Topology mismatch. Your code’s expected device count doesn’t match jax.device_count() on the slice. Symptom: shape errors deep in pmap or sharding. Fix: compute mesh shapes from jax.device_count() and jax.process_count() instead of hardcoding.
One host hangs, the slice times out. A single host that fails collective communication takes the slice with it.
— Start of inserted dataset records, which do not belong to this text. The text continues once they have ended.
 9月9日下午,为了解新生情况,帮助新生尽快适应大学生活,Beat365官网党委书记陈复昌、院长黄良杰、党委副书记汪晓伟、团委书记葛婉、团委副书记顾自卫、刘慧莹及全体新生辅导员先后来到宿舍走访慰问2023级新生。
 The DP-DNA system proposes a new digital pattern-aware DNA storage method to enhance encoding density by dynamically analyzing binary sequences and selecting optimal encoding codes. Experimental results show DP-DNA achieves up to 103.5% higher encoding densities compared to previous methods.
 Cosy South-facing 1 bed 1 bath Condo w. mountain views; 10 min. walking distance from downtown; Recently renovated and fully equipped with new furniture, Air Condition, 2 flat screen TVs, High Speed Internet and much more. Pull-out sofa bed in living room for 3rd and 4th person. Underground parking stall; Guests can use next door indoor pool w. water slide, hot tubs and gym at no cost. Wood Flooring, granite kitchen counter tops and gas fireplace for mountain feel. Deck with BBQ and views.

JAX raises a collective timeout on every host. Fix: read logs from every host — Kinetic interleaves them — and look for the divergent one. Common causes are uneven data loading or a Python exception on one host before the collective.
Spot preemption. Multi-host slices on spot capacity die together if any one host is preempted. Fix: don’t use spot for multi-host unless you can absorb full restarts (and have checkpoints).
Quota exhaustion mid-run. A scheduled slice can be delayed indefinitely if regional quota is full. Symptom: job stuck in PENDING for > 10 min on a multi-host accelerator. Fix: check Cloud Console quota for your accelerator type; consider switching zones.

Recommended checkpoint frequency: for any multi-host run, write a checkpoint at least every 10 minutes of wall time. The base rate of preemption, quota issues, and slice-wide failures is high enough that unbounded loss windows are not worth the throughput. See Checkpointing for the API.

Debugging distributed jobs#

kinetic jobs logs <id> (and --follow while the job is running) returns the leader pod’s stdout, which is what print() calls on process index 0 produce. To gate output to that one process, guard print statements with jax.process_index():

import jax

if jax.process_index() == 0:
    print(f"epoch {epoch}: loss={loss}")

For non-leader hosts, fetch logs directly from the per-host pods. kubectl get pods -n <namespace> | grep <job-id> lists every pod in the slice; kubectl logs <pod-name> then returns that host’s stdout. Cloud Logging in the GCP Console offers the same view through a UI filter on the job name.

If a job fails on any host, Kinetic catches the exception and re-raises it locally with that host’s stack trace, so you usually do not need to inspect non-leader logs to diagnose a crash.